Joins

It is often necessary to use multiple Timestreams to define a query. Understanding user behavior requires considering their activity across a variety of event streams. Normalizing user behavior may require looking comparing the per-user values to the average values for the region. Both of these are accomplished by joining the Timestreams.

Implicit Joins

Timestreams associated with the same kind of entity – for instance, a user – are automatically joined. This makes it easy to write queries that consider multiple event streams in a single query.

Joining two event streams to compute page-views per purchase
page_views.count() / purchases.count()

Domains

It is sometimes useful to consider the domain of an expression. This corresponds to the points in time and entities associated with the points in the expression. For discrete timestreams, this corresponds to the points at which those values occur. For continuous timestreams, this corresponds to the points at which the value changes.
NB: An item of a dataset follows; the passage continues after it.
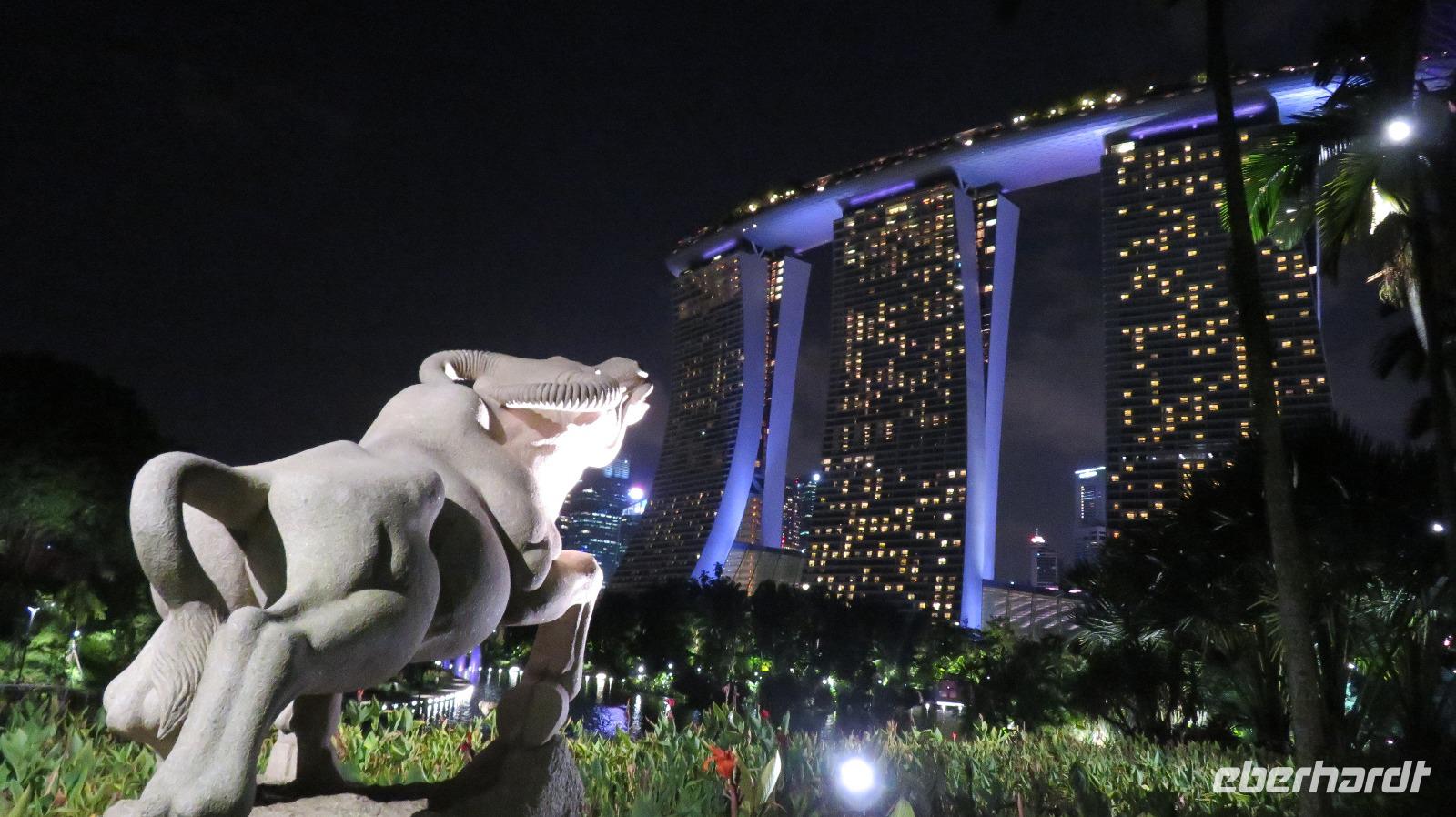 Juhuuu, auf ins Land der Hobbits! Es sollte nicht irgendeine Reise werden sondern DIE Reise ans andere Ende der Welt. Nichts Geringeres als Neuseeland steht auf dem Programm. Da das praktisch aber mit einem Flug noch nicht möglich ist, steht auf unseren Bordkarten zunächst Singapur. Daher Koffer auf's Band und mit dem Flieger ab nach Frankfurt, wo wir auch den letzten Reisenden unserer Gruppe treffen. Unsere Gruppe ist mit nur 6 Reisegästen sehr überschaubar. Der Flug nach Singapur verläuft reibungslos und so landen wir am Abend in Asien. David, unser örtlicher Reiseleiter holt uns vom Flughafen ab und heißt uns herzlich willkommen. Wir freuen uns sehr, fragen uns aber, wer die Heizung hier so hoch gedreht hat. Nach den eher kühlen Temperaturen in Deutschland und auf dem Flug, fühlt es sich hier an wie in der Sauna. Nachdem wir im Hotel unsere Zimmer bezogen haben, gehen wir auf eigene Faust die „Löwenstadt" erkunden. Wir laufen am Fluss in Richtung Marina Bay Sands und holen uns an einem Stand etwas zu essen. Die Bestellung ist eine kleine Wundertüte: da man nicht direkt erkennt, was man bestellt, gibt es recht sonderbare Kombinationen. Der absolute Renner ist das nach Kaffee/Cappuccino schmeckende Schweinefleisch. Im Anschluss geht es durch den Garten am Marina Bay Sands mit den künstlichen, beleuchteten Bäumen, die eine besondere Atmosphäre zaubern. Den Abend lassen wir bei einem Getränk auf der Terrasse des teuersten Gebäudes der Welt ausklingen und erfreuen uns an dem spektakulären Ausblick auf die Skyline von Singapur.
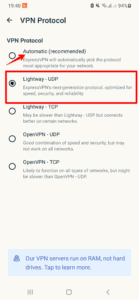 - 前往VPN協議>光為UDP。或者,選擇“自動的”以獲得最佳 VPN 確定的協議。

Whenever expressions with two (or more) different domains are used in the same expression they are implicitly joined. The join is an outer join that contains an event if either (any) of the input domains contained an event. For any input table that is continuous, the join is as of the time of the output, taking the latest value from that input.

Explicit Lookups

Values from associated with other entities may be retrieved using kaskada.Timestream.lookup. left.lookup(right) does a left-join, looking up the value from right for each computed key in left.

Lookups are temporally correct – the value retrieved corresponds to the right value at the time the key occurred in left.